Not surprisingly, enrollment in the U.S. varied widely by Census Region and Division (Table 2a). A comparison with the expected racial and ethnic distribution by geographic region when sampled at the same frequency, from the same locations, as study participants reveals a net neutral balance for most population groups.
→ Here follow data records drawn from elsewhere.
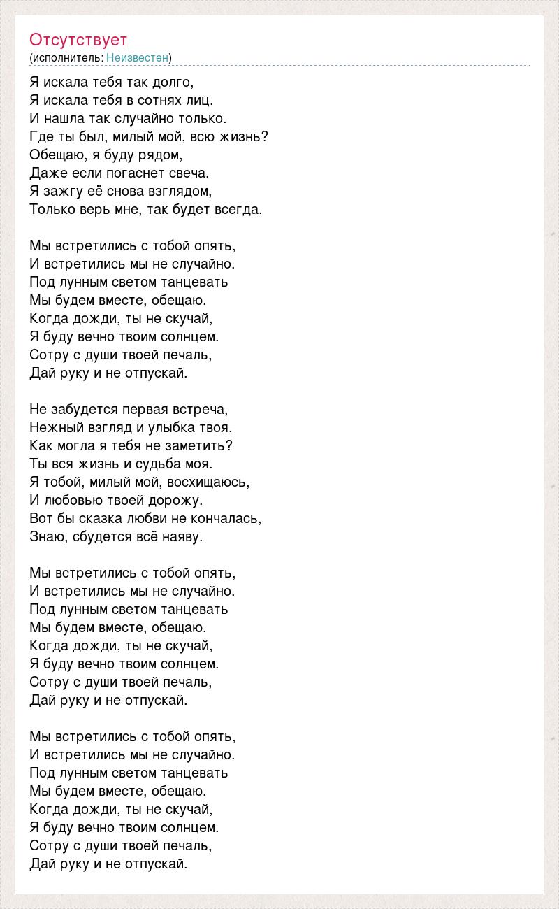 Я искала тебя так долго, Я искала тебя в сотнях лиц. И нашла так случайно только. Где ты был, милый мой, всю жизнь? Обещаю, я буду рядом, Даже если погаснет свеча. Я зажгу её снова взглядом, Только верь мне, так будет всегда. Мы встретились с тобой опять, И встретились мы не случайно. Под лунным светом танцевать Мы будем вместе, обещаю. Когда дожди, ты не скучай, Я буду вечно твоим солнцем. Сотру с души твоей печаль, Дай руку и не отпускай. Не забудется первая встреча, Нежный взгляд и улыбка твоя. Как могла я тебя не заметить? Ты вся жизнь и судьба моя. Я тобой, милый мой, восхищаюсь, И любовью твоей дорожу. Вот бы сказка любви не кончалась, Знаю, сбудется всё наяву. Мы встретились с тобой опять, И встретились мы не случайно. Под лунным светом танцевать Мы будем вместе, обещаю. Когда дожди, ты не скучай, Я буду вечно твоим солнцем. Сотру с души твоей печаль, Дай руку и не отпускай. Мы встретились с тобой опять, И встретились мы не случайно. Под лунным светом танцевать Мы будем вместе, обещаю. Когда дожди, ты не скучай, Я буду вечно твоим солнцем. Сотру с души твоей печаль, Дай руку и не отпускай.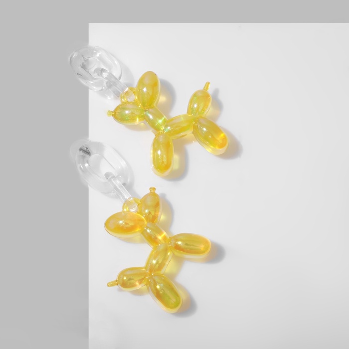 Серьги пластик «Собачка» из воздушного шара, цвет жёлтый
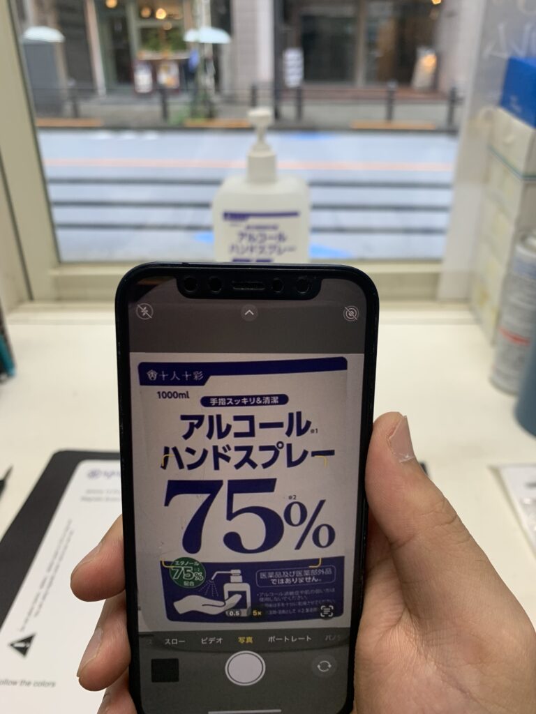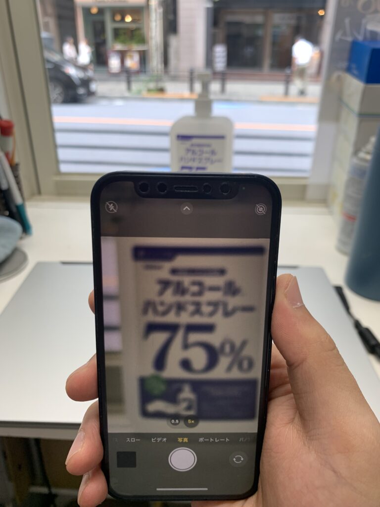 アルコールスプレーを被写体にしたこちらのiPhone、文字がぼやけてしまっていますね。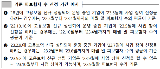 - 지원한도 : 사업참여 신청 직전 월말부터 이전 1년간 평균 고용보험 피보험자 수의 50%(비 수도권 지역은 100%)까지 지원 (단 최대 30명 한도)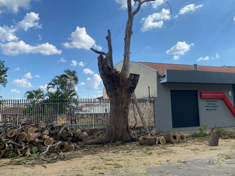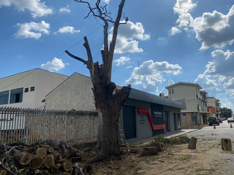 Provavelmente uma das mais antigas árvores plantadas pelo poder público municipal nas calçadas de Vargem Grande do Sul, a antiga Sibipiruna localizada na Avenida Regato, perto do cruzamento com a Rua Coronel Lúcio, em frente ao Supermercado União, foi cortada na tarde da última terça-feira, dia 4, chamando a atenção de quem passava pelo local.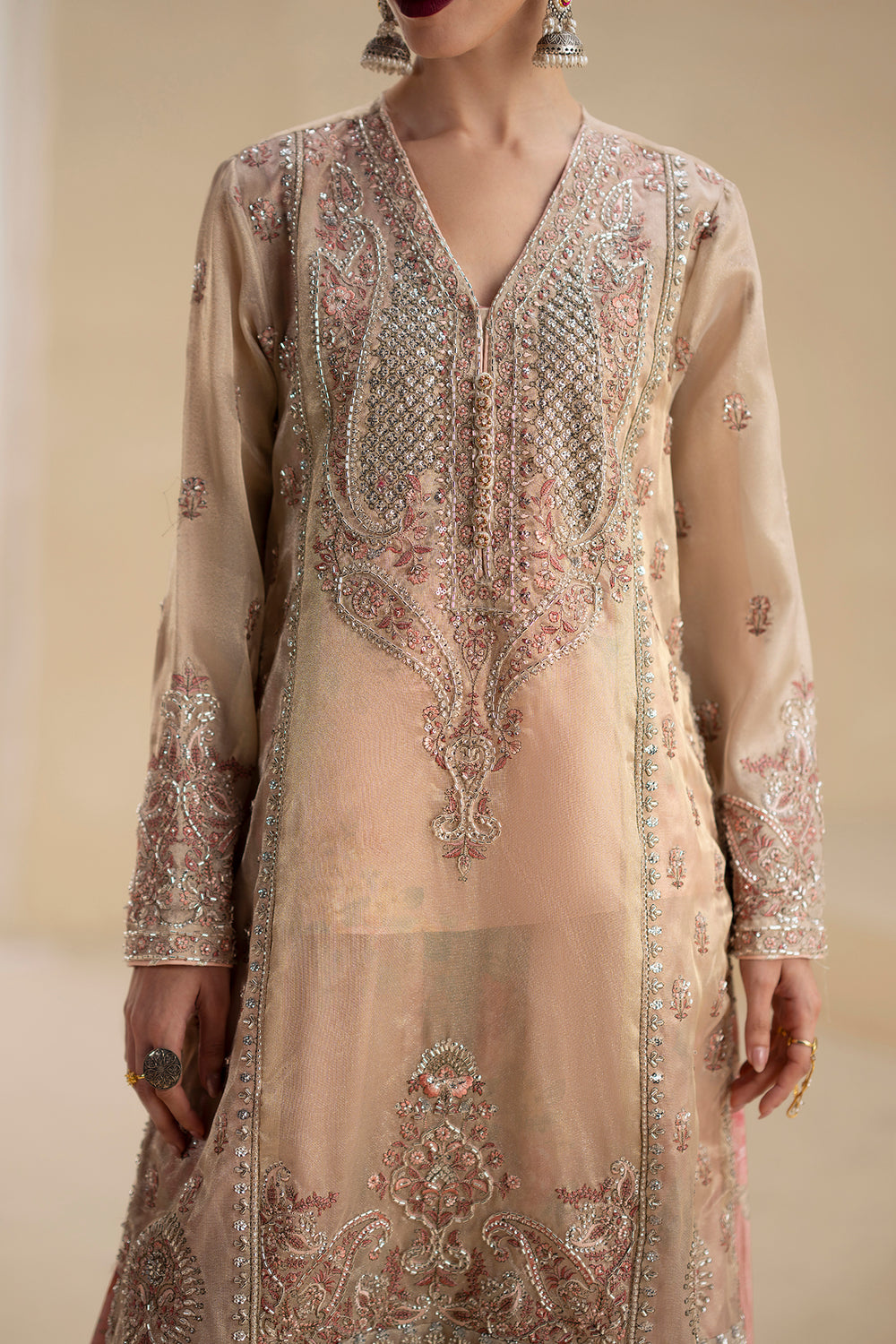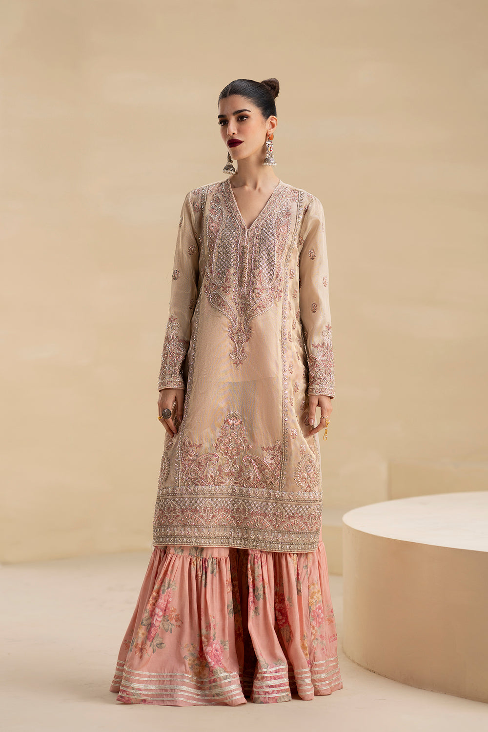 Capture a look of unforgettable, regal glamour with this exquisite embroidered suit, which includes a long shirt, gharara, and slip. The full-length shirt is crafted from a soft beige fabric and is meticulously embellished with heavy gold, pink, and silver thread embroidery. The intricate embroidery, featuring complex floral and traditional motifs, runs densely across the yoke, sleeves, and extended hem, adding luxurious weight and shimmer. Layered beneath is a breathtaking gharara, featuring a voluminous tier in a soft pink hue with a delicate floral print. The combination of the heavily worked shirt and the flowing printed gharara creates a truly majestic silhouette. This stunning ensemble is the epitome of festive luxury.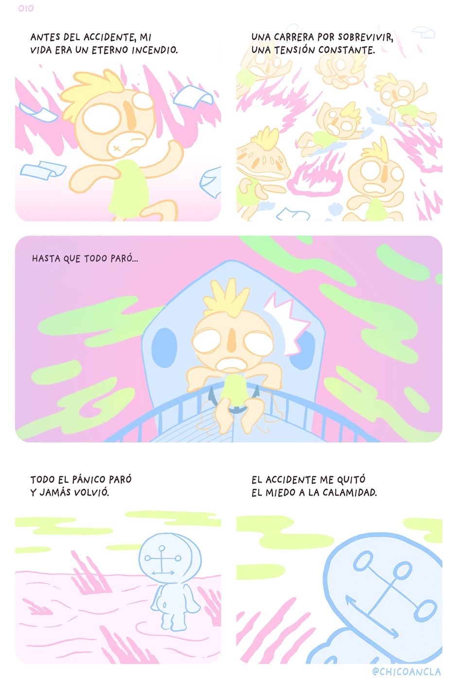 En un anterior comic hablé de lo que el accidente me quitó, pero también me dió cosas. Supongo que te pone en perspectiva de qué es lo importante. Desde entonces no me agobio por casi nada. Si todo se derrumba simplemente seguiré.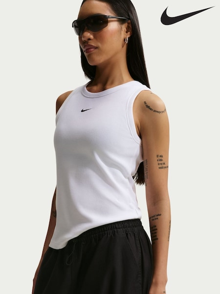 Nike White Ribbed Racerback Vest Top

However, absolute percentage deviations of more than 5% and 10% were observed in 7/9 and 4/9 census divisions, respectively. Only the W.N. Central Midwest and the W.S. Central South saw enrollment parallel the general population with deviation under 5% across all racial and ethnic groups. The one exception to otherwise balanced enrollment across the U.S. was observed for the Asian population. As illustrated in Table 2a, statistically fewer Asian children were enrolled in all but one Census Division and this was most pronounced in Western Divisions where a higher overall proportion of the population originates from Asian ancestry.

Table 2a.

Racial and ethnic distribution in enrollment by U.S. census region and division for BPCA-funded studies from 2008–2020.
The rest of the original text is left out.